**What you are asked to do**
Give again exactly the lines that run from the start of the records to the line holding "パージや復旧は、ドキュメントの通り、Cognitive Services API", both ends counted. Do not include the pictures.

**Information provided**
##############################

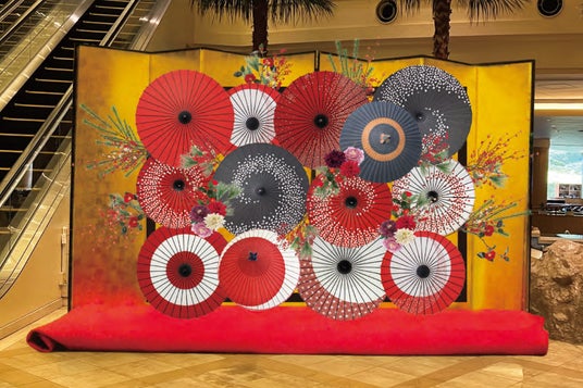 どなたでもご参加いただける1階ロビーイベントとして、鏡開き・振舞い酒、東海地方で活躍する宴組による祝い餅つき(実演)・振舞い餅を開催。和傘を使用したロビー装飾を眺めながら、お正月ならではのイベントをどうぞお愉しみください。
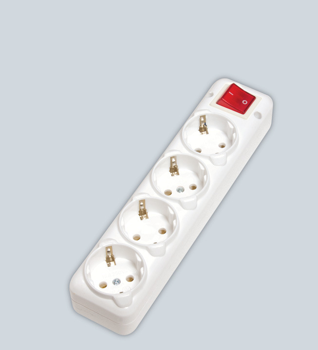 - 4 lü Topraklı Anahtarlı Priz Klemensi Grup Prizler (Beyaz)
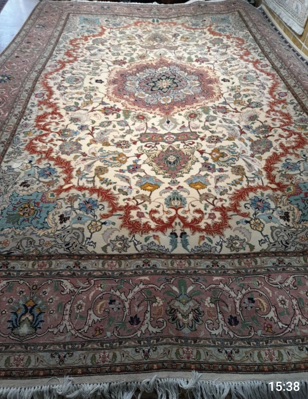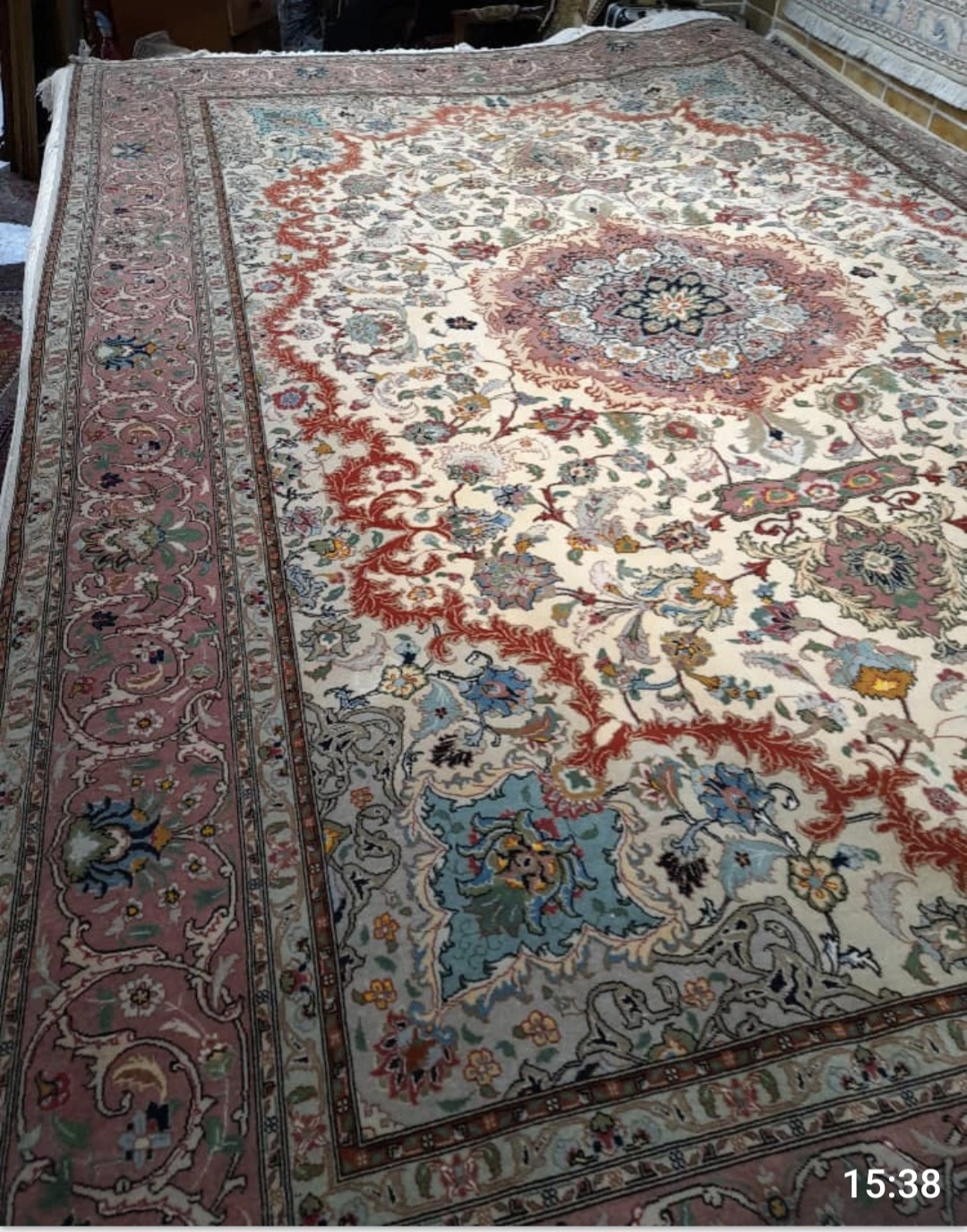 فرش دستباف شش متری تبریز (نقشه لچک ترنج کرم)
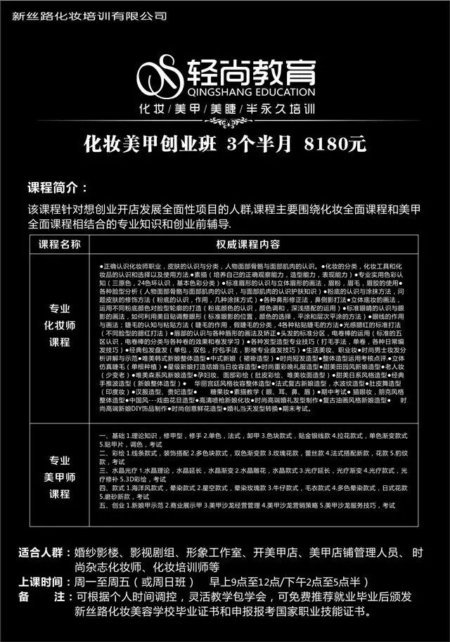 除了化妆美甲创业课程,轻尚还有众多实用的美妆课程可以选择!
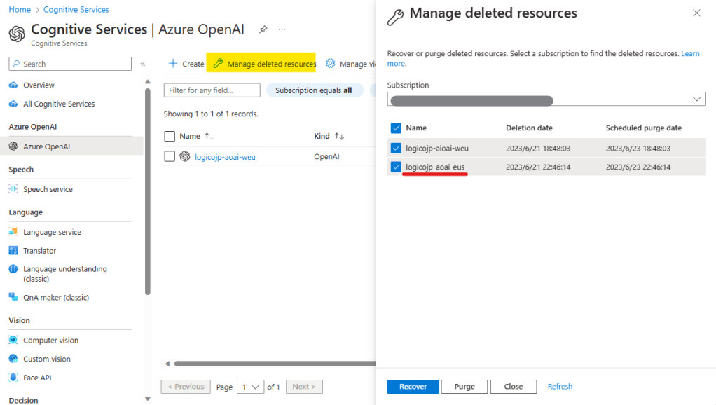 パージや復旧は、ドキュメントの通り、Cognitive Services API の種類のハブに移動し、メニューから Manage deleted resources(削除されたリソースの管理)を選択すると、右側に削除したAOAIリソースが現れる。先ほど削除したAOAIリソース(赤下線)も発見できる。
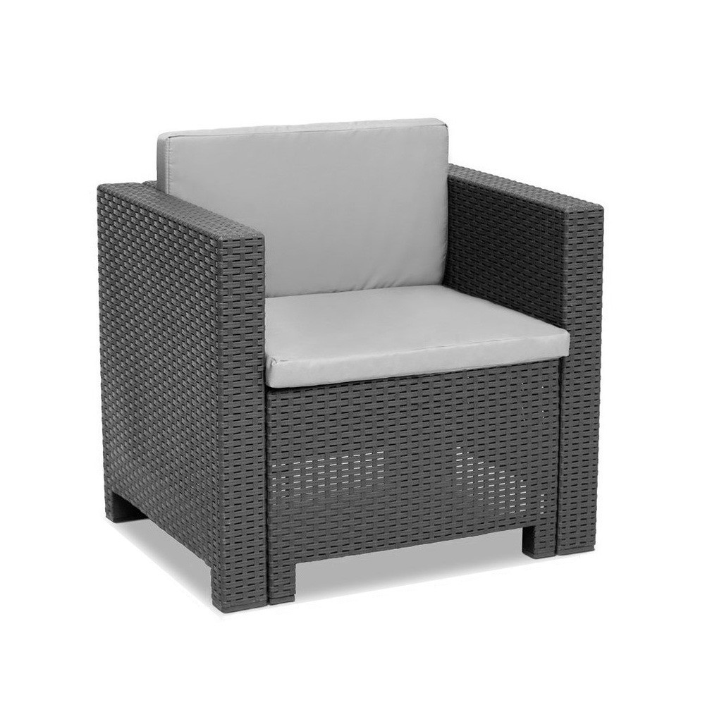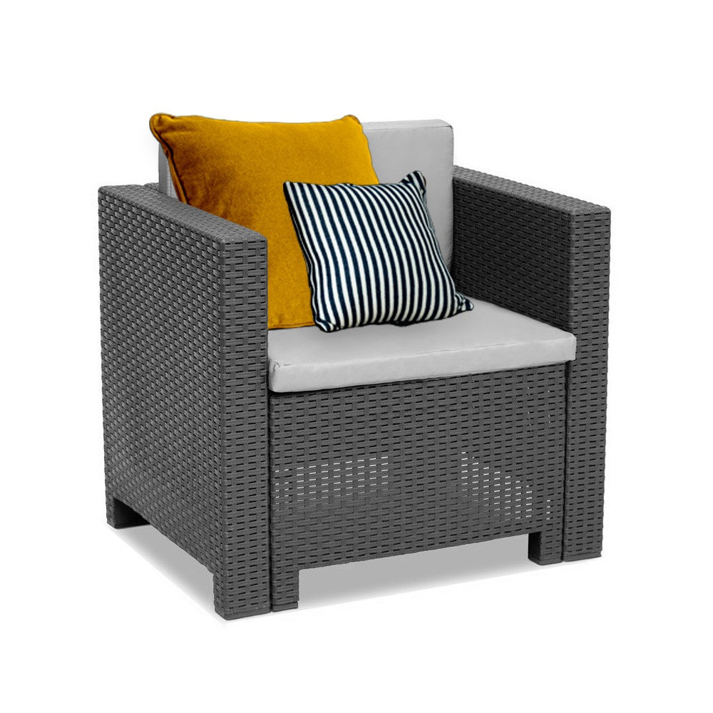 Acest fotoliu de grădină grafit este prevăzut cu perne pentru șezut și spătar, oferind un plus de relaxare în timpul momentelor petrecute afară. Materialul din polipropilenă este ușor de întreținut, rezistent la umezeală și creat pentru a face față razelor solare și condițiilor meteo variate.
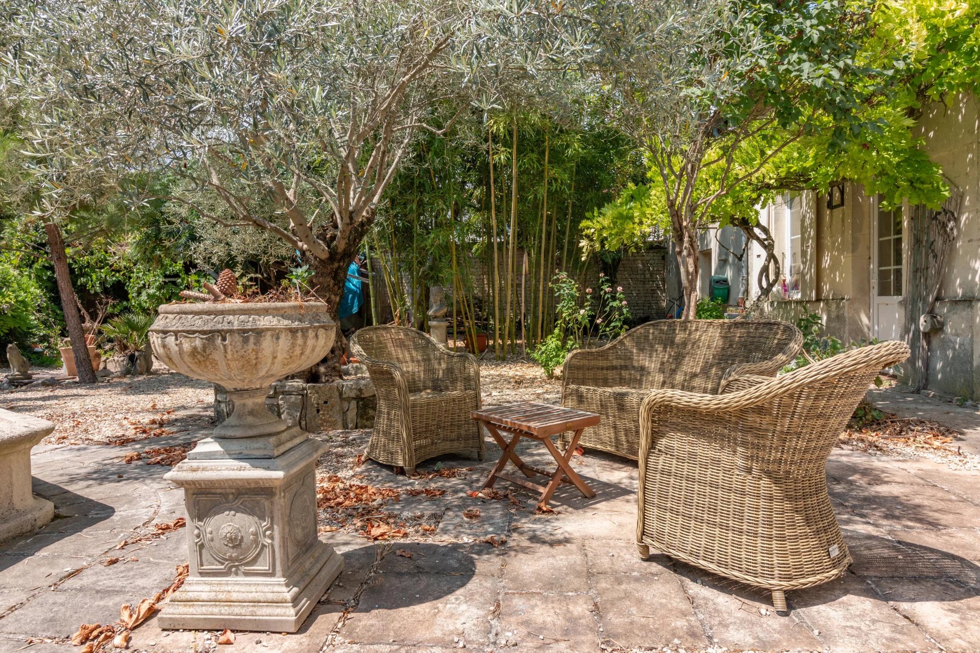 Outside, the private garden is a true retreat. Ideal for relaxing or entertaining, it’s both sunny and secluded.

##############################

**Solution below**
 どなたでもご参加いただける1階ロビーイベントとして、鏡開き・振舞い酒、東海地方で活躍する宴組による祝い餅つき(実演)・振舞い餅を開催。和傘を使用したロビー装飾を眺めながら、お正月ならではのイベントをどうぞお愉しみください。
 - 4 lü Topraklı Anahtarlı Priz Klemensi Grup Prizler (Beyaz)
 فرش دستباف شش متری تبریز (نقشه لچک ترنج کرم)
 除了化妆美甲创业课程,轻尚还有众多实用的美妆课程可以选择!
 パージや復旧は、ドキュメントの通り、Cognitive Services API の種類のハブに移動し、メニューから Manage deleted resources(削除されたリソースの管理)を選択すると、右側に削除したAOAIリソースが現れる。先ほど削除したAOAIリソース(赤下線)も発見できる。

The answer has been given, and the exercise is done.